A CNN special report revealed that the company that was actually charged and fined by the government was a subsidiary of Pfizer. Pharmacia & Upjohn Co., Inc. was created on March 27, 2007, the “same day Pfizer lawyers and prosecutors agreed that the company would plead guilty in kickback case against a company Pfizer has acquired a few years earlier.” A company that has been convicted of major healthcare fraud loses its Medicare and/or Medicare billing eligibility for all of its products. Prosecutors agreed that this could lead to the downfall of Pfizer and it turn create hardships for user of Pfizer drugs, a loss of employment for employees that were not involved in the fraud, and financial loss to investors. So, a deal was cut to file the criminal charges against Pharmacia & Upjohn Co., Inc. leaving Pfizer free to continue providing medication to Medicare and medicaid patients. Pharmacia & Upjohn Co., Inc. is merely a shell corporation that has never produced anything. The two years later the shell company pleaded guilty again to criminal charges in the Bextra case.

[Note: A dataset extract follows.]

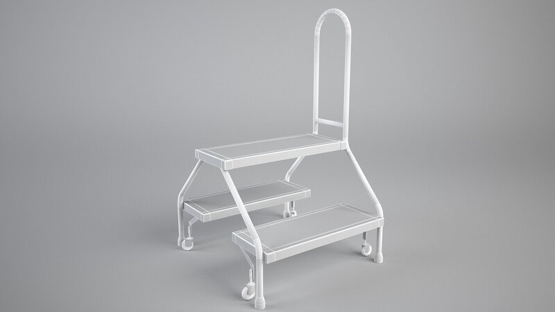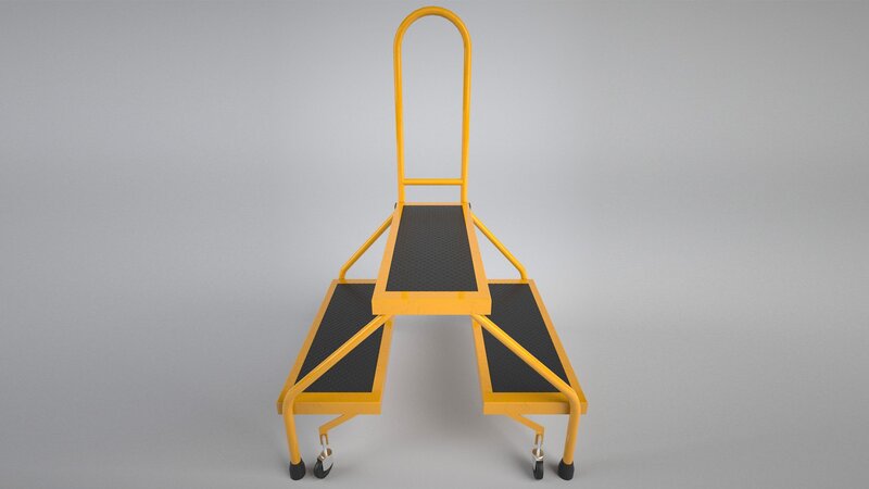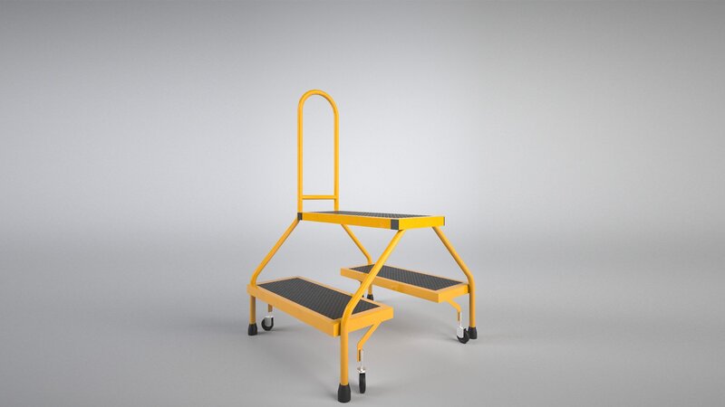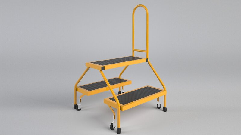 Metal body with rubber steps and wheels.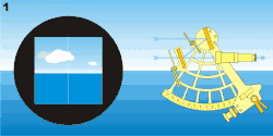 1. Sextanten auf den Horizont unterhalb der Sonne richten

Pfizer entered into a five-year Corporate Integrity Agreement (CIA) after the settlement of the most recent lawsuit. To comply with this agreement Pfizer must allow all internal and external investigators to conduct audits to monitor the company’s marketing activities. The agreement requires Pfizer to become more accountable and transparent in all aspects of their business. To ensure adherence the Audit Committee of Pfizer’s board of directors must reevaluate the compliance program each year and sign off on the effectiveness of the program. Pfizer’s senior executives, including the CEO, also have to sign off on the effectiveness of the program. This move ensures that the executives and the board can no longer deny responsibility for the activities of the marketing department. Pfizer is required to notify doctors about the settlement and create processes and procedures that allow them to report inappropriate behavior by any of Pfizer’s employees. If Pfizer fails to comply with its obligations, it risks exclusion from federal healthcare programs and monetary penalties.

Although Pfizer pleaded guilty to criminal charges in many of the lawsuits, the company denied wrongdoing in most of the civil cases. The company never took full responsibility for its actions. In response to the settlement, Senior Vice-President Amy Schulman simply stated “We regret certain actions taken in the past, but are proud of the action we’ve taken to strengthen our internal controls and pioneer new procedures.”

 

Discussion questions

Based on what you have learned thus for for about Pfizer’s actions, what is the best explanation for their repeated fraudulent marketing of pharmaceuticals? Was it poor management? Was it disregard for the law? Was it simply a decision based on a cost-benefit analysis? Or was it something else? Explain.
How would you characterize the ethical culture of Pfizer? Does it seem like managers would expected to follow industry and federal guidelines? Why, or why not? How might the culture be changed to improve compliance?
To what extent do you believe that Pharmaceutical industry self-regulatory guidelines are a good way to ensure that companies engage in ethical marketing practices? Does it matter if there is no means of enforcing the industry standards? Why, or why not?